L'économie du Canada a enregistré sa meilleure performance trimestrielle en plus de trois ans au T2 2026, avec une croissance du PIB réel annualisée s'établissant à environ 3,4 %. Cela dépasse largement la prévision de la Banque du Canada de juillet, à 2,5 %, et marque un retournement marqué par rapport à la croissance nulle de 0,0 % au T1 et à la contraction de 0,2 % au T4 2025.
Qu'est-ce qui a poussé le rebond ?
L'extraction de pétrole et de gaz a mené la charge côté offre. Le commerce net a également connu un retour en force, notamment dans le secteur automobile. La consommation des ménages et les investissements des entreprises ont complété le tableau.
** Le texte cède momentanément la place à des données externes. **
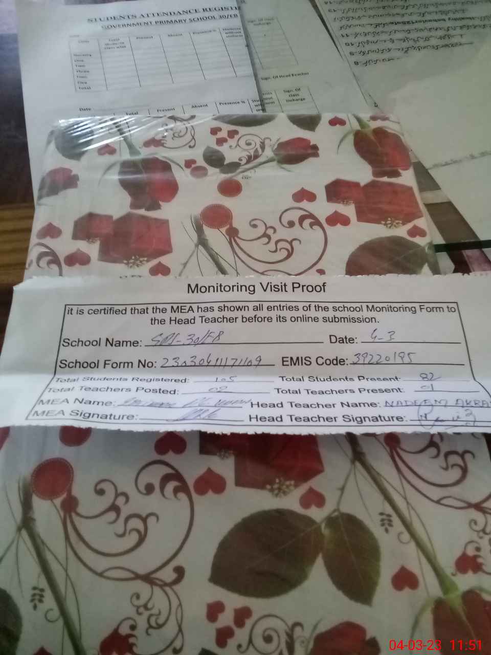 | Attendance Register | Head Teacher | MEA with School | Visit Proof |

Les données mensuelles de Statistique Canada racontent une histoire claire d'une prise de momentum suivie d'un refroidissement doux. Avril a enregistré une expansion robuste de 0,6 % mois sur mois (révisée à la hausse par rapport aux estimations antérieures), suivie d'une croissance de 0,3 % en mai et d'une estimation rapide de 0,2 % pour juin.
de ce dont le Canada se remettait
Les tarifs américains imposés sur certaines exportations canadiennes ont perturbé les flux commerciaux, affectant potentiellement environ 5 % des exportations totales du pays. Parallèlement, un ralentissement de l'immigration a réduit la croissance démographique, pesant sur l'offre de main-d'œuvre et rendant les indicateurs économiques par habitant encore plus mauvais que les chiffres globaux.
La dernière fois que le Canada a connu une croissance trimestrielle aussi forte, c'était au T1 2023, lorsque le PIB a augmenté à un taux annualisé de 4,3 %.
Le nuage de tarifs n'a pas disparu
Des institutions comme la RBC, la TD et Desjardins ont relevé leurs estimations pour le T2 à une fourchette comprise entre 2,8 % et 3,4 %, mais leurs orientations futures restent prudents. Les prévisions de PIB annuel pour l'ensemble de l'année 2026 reflètent cette prudence, avec des projections de croissance annuelle situées autour de 0,7 % à 0,9 %.
Le dollar canadien a trouvé un certain soutien dans les données, échangé près de 1,385 par USD. Une partie de cette stabilité provient du passage du Canada à un excédent du compte courant au T2.